但是问题来了，我们定义的这个compose怎么把time4和compose(add2, square, 3)继续组合呢？那么问题的根源是什么？

我们在组合的时候进行了计算，但是我们知道，代数的组合是不需要计算的，我们只需要把组合的意思表示出来即可。

再来看一下下面的代数结构：

int                 <---> int -> int， 单位元 f(unit) = unit
+                   <---> compose
int + int           <---> int -> int

compose:: (int -> int) -> (int -> int) -> (int -> int)

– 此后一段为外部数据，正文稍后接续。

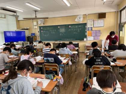5月27日(金)1時間目、6年2組は算数で辺の長さが分数の時の面積の求め方を考えました。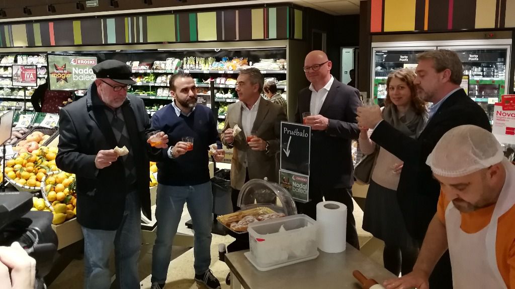 Eroski apuesta un año más en la campaña de Navidad por el producto local. El pasado año, los productos de Balears típicos de estas fechas que se encuentran en Eroski alcanzaron unas ventas de más de 2,36 millones de euros, lo que ha supuesto un incremento del 12,36% en dicha gama. Los más consumidos fueron los dulces navideños con más de 120.000 unidades vendidas. Los vinos y cavas también tuvieron buenos resultados con más de 55.800 unidades, un incremento del 39,5% sobre el año anterior. Otro producto muy típico de las islas que también tuvo una buena acogida fueron las cocas de anís y de patata con casi 12.000 unidades vendidas en conjunto. También cabe destacar la ensaimada, realizada de manera tradicional con unas ventas de más de 15.000 unidades en los días claves de nuestras fiestas.

我们需要把计算数据化，按照上面的代数结构，我们来定义满足这种结构的数据和组合函数。

typedef int (*i2i)(int);

/* int -> int */
struct primitive
{
    i2i f;
};

/* (int -> int) -> (int -> int) -> (int -> int) */
struct compose
{
    struct primitive* f1;
    struct primitive* f2;
};

但是这样还不行，我们需要我们元素在操作上是封闭的，即组合的结果仍然是同类型的，我们如下定义：

struct primitive
{
    i2i f;
};

struct func;

struct compose
{
    struct func* f1;
    struct func* f2;
};

enum F_TYPE {PRIMITIVE=0, COMPOSE=1};
struct func
{
    enum F_TYPE type;
    union
    {
        struct primitive p;
        struct compose c;
    } f;
};

为了把C语义上不能组合的操作转换为我们上面定义的可以组合的操作(lift的过程)，我们需要定义构造器：

struct func* make_primitive(i2i f)
{
    struct func* func = (struct func*)malloc(sizeof(struct func));
    func->type = PRIMITIVE;
    func->f.p.f = f;
    return func;
}

struct func* make_compose(struct func* f1, struct func* f2)
{
    struct func* func = (struct func*)malloc(sizeof(struct func));
    func->type = COMPOSE;
    func->f.c.f1 = f1;
    func->f.c.f2 = f2;
    return func;
}

有了上面的定义，我们已经可以把计算表示出来了，为了能计算，我们只需要定义一个解释器即可：

int apply(struct func* f, int i)
{
    int res;
    switch(f->type) 
    {
        case PRIMITIVE:
            res = (f->f.p.f)(i);
            break;
        case COMPOSE:
            res = apply(f->f.c.f1, apply(f->f.c.f2, i));
            break;
        default:
            assert(0);
    }
    return res;
}

看看如何来计算：

struct func* ADD2 = make_primitive(add2);
struct func* SQUARE = make_primitive(square);
struct func* TIME4 = make_primitive(time4);

struct func* TIME4_ADD2_SQUARE=make_compose(TIME4,
                                        make_compose(ADD2, SQUARE));
apply(TIME4_ADD2_SQUARE, 3);

可以看出，这样也做到了 代数描述和实现执行的分离。

和Monoid的结构再对应一下：

int unit(int i)
{
    return i;
}

0  <------> make_primitive(unit)
+  <------> make_compose

struct func* UNIT = make_primitive(unit);
make_compose(ADD2, UNIT) = make_compose(UNIT, ADD2);
make_compose(TIME4, make_compose(ADD2, SQUARE)) =
make_compose(make_compose(TIME4, ADD2), SQUARE);

上面都是理想的情况，所有的函数都是纯函数，即对同样的输入函数的输出肯定是相同的，没有任何副作用。但是实际情况并非如此，

来看一下真实的世界：

int add2(int i)
{
    log("add2");
    return i + 2;
}

int square(int i)
{
    log("square");
    return i*i;
}

显然，这些函数不再纯，在计算过程中加入了日志，函数有副作用，日志的实现不能保证输出是确定的。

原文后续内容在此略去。